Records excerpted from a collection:
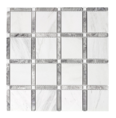
Fortress ANTHCAFO 12"x12" Coverage: 1.01 sqft/pc
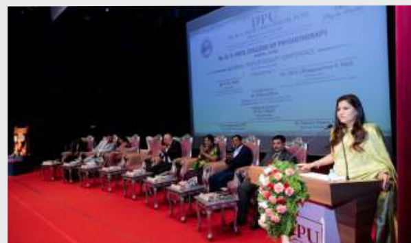
Physio-Drome National Physiotherapy Conference
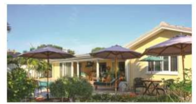
4429 39th Street South Recently Listed and Sold

Inventory is LOW and we have Buyers! Please contact us for all of your Real Estate needs. We are here to help you Buy, Sell or Relocate!
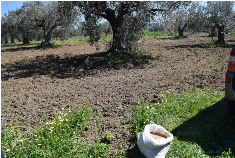
Figure 6. Chickpeas were sown in the trial at Molos, after ploughing, on 24 March 2017

Phosphorus: the mean P (ppm) at the shallow depth was significantly larger than the one in the deeper soil ( F = 4.012 , p = 0.047 ). The mean P (ppm) in the area with no intercrop was significantly greater than that in the area with chickpeas ( F = 18.574 , p < 0.001 ). The mean P (ppm) at a shallow low depth was significantly greater than that in the deeper soil ( F = 52.119 , p < 0.001 ).

What to do:
What is needed is an exact transcription of the lines from the one containing "Inventory is LOW" through the last line of the records above, both included, with no pictures.

Task solution:
Inventory is LOW and we have Buyers! Please contact us for all of your Real Estate needs. We are here to help you Buy, Sell or Relocate!
Figure 6. Chickpeas were sown in the trial at Molos, after ploughing, on 24 March 2017

Phosphorus: the mean P (ppm) at the shallow depth was significantly larger than the one in the deeper soil ( F = 4.012 , p = 0.047 ). The mean P (ppm) in the area with no intercrop was significantly greater than that in the area with chickpeas ( F = 18.574 , p < 0.001 ). The mean P (ppm) at a shallow low depth was significantly greater than that in the deeper soil ( F = 52.119 , p < 0.001 ).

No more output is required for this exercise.